(Records from a dataset)
------------------------------------------------------------
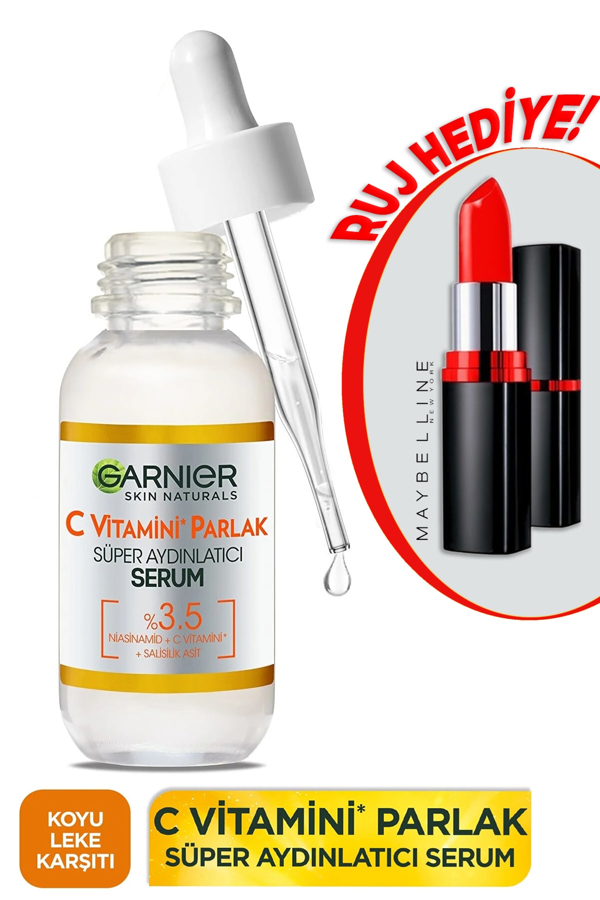 Garnier Vitamin C Brilliant Super Illuminating Serum 30ml + Maybelline New York Color Show 202 Lipstick
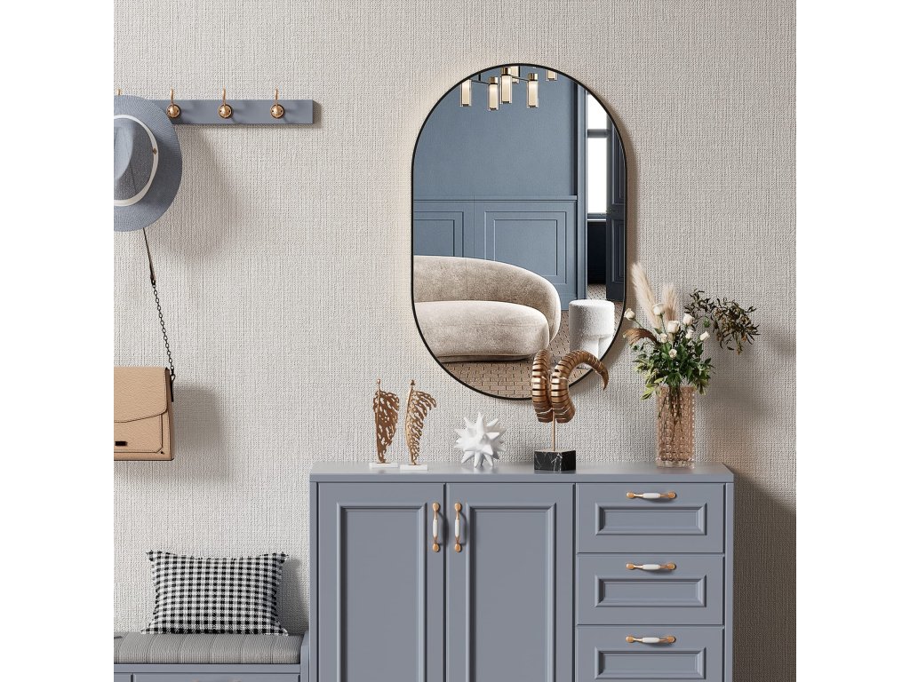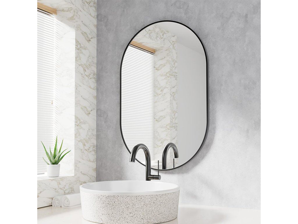 Ovális fali tükör OLVANI 80x40 cm fekete kerettel
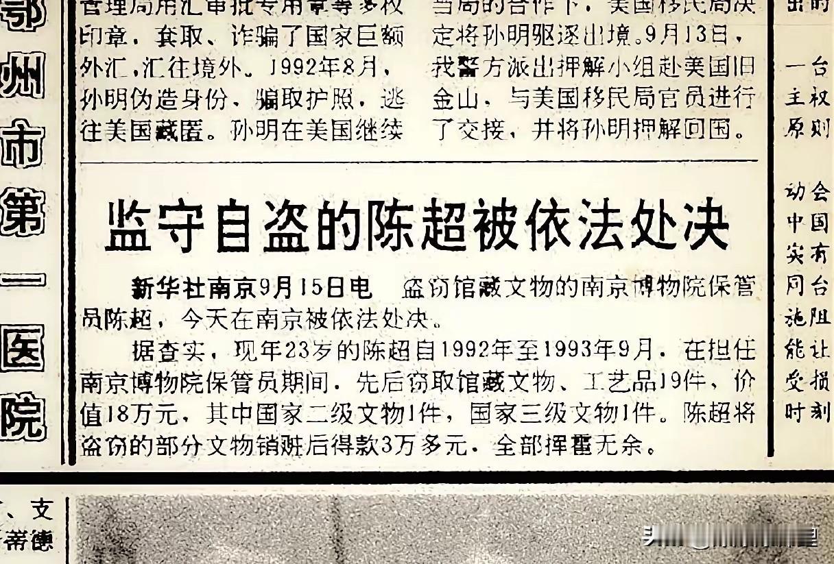 翻看90年代的老报纸,真是让人心里一惊。 南京博物院的一个保管员,才二十几岁的小年轻,居然利用职务之便监守自盗,倒卖文物搞了整整18万。 那时候的18万是什么概念? 咱们普通人一个月累死累活也就几百块工资,他不吃不喝得干上几十年才能攒够这笔钱。 这简直就是老鼠掉进了米缸里,吃得满嘴流油。 我也纳闷,这么大的博物馆,库房里的宝贝是不是多到数不清了?怎么少一件两件的根本没人对账? 估计那时候内部管理也是松松垮垮,这小伙子指不定不是第一个这么干的,只是那个倒霉被抓的“典型”罢了。 守着金饭碗,却干着挖墙脚的勾当,人性在巨额利益面前,有时候真是经不起一点琢磨。
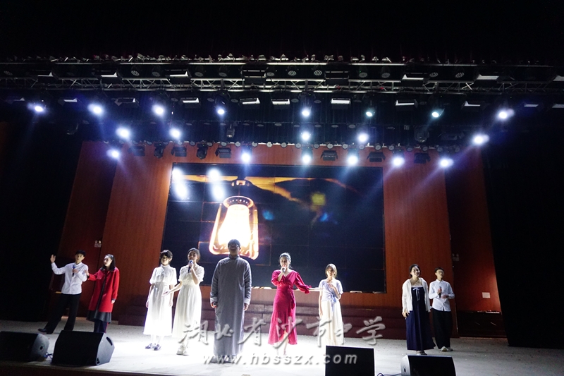 尤为动人的是师生同台、其乐融融的场面。教师舞蹈《剑影扇风象王行》刚柔并济,展现讲台之外的别样风采;朗诵《灯火里的青春》则由主持人共述信仰的力量。台上激情飞扬,台下掌声如潮,报告厅化作一片欢乐与感动的海洋。
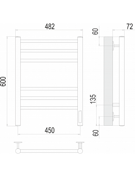 Полотенцесушитель электрический Аврора П6 450х600 электро КС 9005 матовый
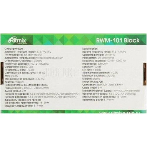 Динамический микрофон, способ передачи: беспроводной/проводной, диапазон несущих частот 100 - 100 МГц / 87,5 - 92 МГц , стабильность частоты ± 0,005%, мощность передатчика 8-9 мВт, чувствительность микрофона -72 дБ, съёмный шнур, выходы - радио, штекер 6,3 мм, радиус действия - до 15 м .
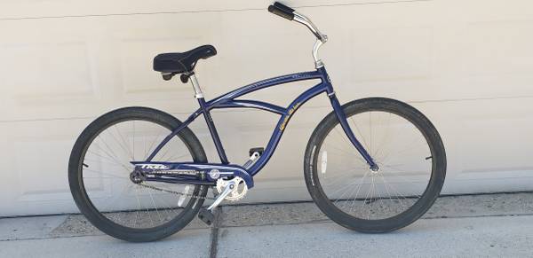 Used Trek Cruiser Classic bike in fair condition as the frame shows wear from use. 19 inch blue color Alpha Aluminum frame, ideal for rider between 5 feet 9 inches sand 6 feet. Single speed with coaster brake, aluminum 26 inch wheels, Bontrager Cruizer tires. The bike is fully functional and operational. Includes kickstand. Asking $125.00. Located in Palatine (53 and Northwest Highway). If interested, please call at show contact info
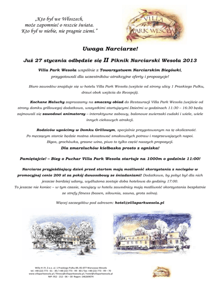 „Kto był we Włoszech, może zapomnieć o reszcie świata. Kto był w niebie, nie pragnie ziemi.” Uwaga Narciarze! Już 27 stycznia odbędzie się II Piknik Narciarski Wesoła 2013 Villa Park Wesoła wspólnie z Towarzystwem Narciarskim Biegówki, przygotowali dla uczestników atrakcyjne oferty i propozycje! Biuro zawodów znajduje się w hotelu Villa Park Wesoła (wejście od strony ulicy 1 Praskiego Pułku, drzwi obok wejścia do Recepcji). Kochane Maluchy zapraszamy na smaczny obiad do Restauracji Villa Park Wesoła (wejście od strony domku grillowego) dodatkowo, wszystkimi startującymi Dziećmi w godzinach 11:30 – 16:30 będą zajmowali się zawodowi animatorzy – interaktywne zabawy, balonowe zwierzaki cudaki i wiele, wiele innych ciekawych atrakcji. Rodziców ugościmy w Domku Grillowym, specjalnie przygotowanym na tę okoliczność. Po męczącym starcie będzie można skosztować smakowitych potraw i rozgrzewających napoi. Bigos, grochówka, grzane wino, piwo to tylko część naszych propozycji. Dla zmarzluchów kiełbaska prosto z ogniska! Pamiętajcie! – Bieg o Puchar Villa Park Wesoła startuje na 1000m o godzinie 11:00! Narciarze przyjeżdżający dzień przed startem mają możliwość skorzystania z noclegów w promocyjnej cenie 200 zł za pokój dwuosobowy ze śniadaniami! Dodatkowo, by pobyt był dla nich jeszcze bardziej udany, wydłużona zostaje doba hotelowa do godziny 17:00. To jeszcze nie koniec – w tym czasie, nocujący w hotelu zawodnicy mają możliwość skorzystania bezpłatnie ze strefy fitness (basen, siłownia, sauna, grota solna). Więcej szczegółów pod adresem: [email protected] Willa H i R. Z o.o. ul. 1 Praskiego Pułku 89, 05-077 Warszawa-Wesoła tel. +48 (22) 773 - 61 - 30 / +48 (22) 773 - 99 - 80 / fax: +48 (22) 773 - 99 – 70 www.villaparkwesola.pl / [email protected] / [email protected] NIP: 952 - 212 - 06 – 30 Regon: 146269074
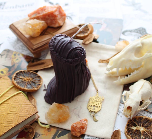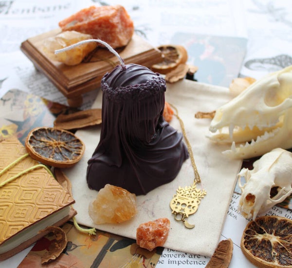 Altaarkaars in de vorm van de gesluierde maagd: een krachtige heksen representatie van een vrouw met magische krachten. Zij belichaamt zowel maagdelijkheid en bescheidenheid als de verborgen sensualiteit en onthulling van vrouwelijke kracht. Deze heksen kaars symboliseert ongeschondenheid en afzondering, terwijl ze tegelijkertijd de seksuele en vrouwelijke potentie benadrukt.
------------------------------------------------------------
#### [Problem requirements]
Leave out the pictures and print each record exactly as it stands.

#### [Answer]
 Garnier Vitamin C Brilliant Super Illuminating Serum 30ml + Maybelline New York Color Show 202 Lipstick
 Ovális fali tükör OLVANI 80x40 cm fekete kerettel
 翻看90年代的老报纸,真是让人心里一惊。 南京博物院的一个保管员,才二十几岁的小年轻,居然利用职务之便监守自盗,倒卖文物搞了整整18万。 那时候的18万是什么概念? 咱们普通人一个月累死累活也就几百块工资,他不吃不喝得干上几十年才能攒够这笔钱。 这简直就是老鼠掉进了米缸里,吃得满嘴流油。 我也纳闷,这么大的博物馆,库房里的宝贝是不是多到数不清了?怎么少一件两件的根本没人对账? 估计那时候内部管理也是松松垮垮,这小伙子指不定不是第一个这么干的,只是那个倒霉被抓的“典型”罢了。 守着金饭碗,却干着挖墙脚的勾当,人性在巨额利益面前,有时候真是经不起一点琢磨。
 尤为动人的是师生同台、其乐融融的场面。教师舞蹈《剑影扇风象王行》刚柔并济,展现讲台之外的别样风采;朗诵《灯火里的青春》则由主持人共述信仰的力量。台上激情飞扬,台下掌声如潮,报告厅化作一片欢乐与感动的海洋。
 Полотенцесушитель электрический Аврора П6 450х600 электро КС 9005 матовый
 Динамический микрофон, способ передачи: беспроводной/проводной, диапазон несущих частот 100 - 100 МГц / 87,5 - 92 МГц , стабильность частоты ± 0,005%, мощность передатчика 8-9 мВт, чувствительность микрофона -72 дБ, съёмный шнур, выходы - радио, штекер 6,3 мм, радиус действия - до 15 м .
 Used Trek Cruiser Classic bike in fair condition as the frame shows wear from use. 19 inch blue color Alpha Aluminum frame, ideal for rider between 5 feet 9 inches sand 6 feet. Single speed with coaster brake, aluminum 26 inch wheels, Bontrager Cruizer tires. The bike is fully functional and operational. Includes kickstand. Asking $125.00. Located in Palatine (53 and Northwest Highway). If interested, please call at show contact info
 „Kto był we Włoszech, może zapomnieć o reszcie świata. Kto był w niebie, nie pragnie ziemi.” Uwaga Narciarze! Już 27 stycznia odbędzie się II Piknik Narciarski Wesoła 2013 Villa Park Wesoła wspólnie z Towarzystwem Narciarskim Biegówki, przygotowali dla uczestników atrakcyjne oferty i propozycje! Biuro zawodów znajduje się w hotelu Villa Park Wesoła (wejście od strony ulicy 1 Praskiego Pułku, drzwi obok wejścia do Recepcji). Kochane Maluchy zapraszamy na smaczny obiad do Restauracji Villa Park Wesoła (wejście od strony domku grillowego) dodatkowo, wszystkimi startującymi Dziećmi w godzinach 11:30 – 16:30 będą zajmowali się zawodowi animatorzy – interaktywne zabawy, balonowe zwierzaki cudaki i wiele, wiele innych ciekawych atrakcji. Rodziców ugościmy w Domku Grillowym, specjalnie przygotowanym na tę okoliczność. Po męczącym starcie będzie można skosztować smakowitych potraw i rozgrzewających napoi. Bigos, grochówka, grzane wino, piwo to tylko część naszych propozycji. Dla zmarzluchów kiełbaska prosto z ogniska! Pamiętajcie! – Bieg o Puchar Villa Park Wesoła startuje na 1000m o godzinie 11:00! Narciarze przyjeżdżający dzień przed startem mają możliwość skorzystania z noclegów w promocyjnej cenie 200 zł za pokój dwuosobowy ze śniadaniami! Dodatkowo, by pobyt był dla nich jeszcze bardziej udany, wydłużona zostaje doba hotelowa do godziny 17:00. To jeszcze nie koniec – w tym czasie, nocujący w hotelu zawodnicy mają możliwość skorzystania bezpłatnie ze strefy fitness (basen, siłownia, sauna, grota solna). Więcej szczegółów pod adresem: [email protected] Willa H i R. Z o.o. ul. 1 Praskiego Pułku 89, 05-077 Warszawa-Wesoła tel. +48 (22) 773 - 61 - 30 / +48 (22) 773 - 99 - 80 / fax: +48 (22) 773 - 99 – 70 www.villaparkwesola.pl / [email protected] / [email protected] NIP: 952 - 212 - 06 – 30 Regon: 146269074
 Altaarkaars in de vorm van de gesluierde maagd: een krachtige heksen representatie van een vrouw met magische krachten. Zij belichaamt zowel maagdelijkheid en bescheidenheid als de verborgen sensualiteit en onthulling van vrouwelijke kracht. Deze heksen kaars symboliseert ongeschondenheid en afzondering, terwijl ze tegelijkertijd de seksuele en vrouwelijke potentie benadrukt.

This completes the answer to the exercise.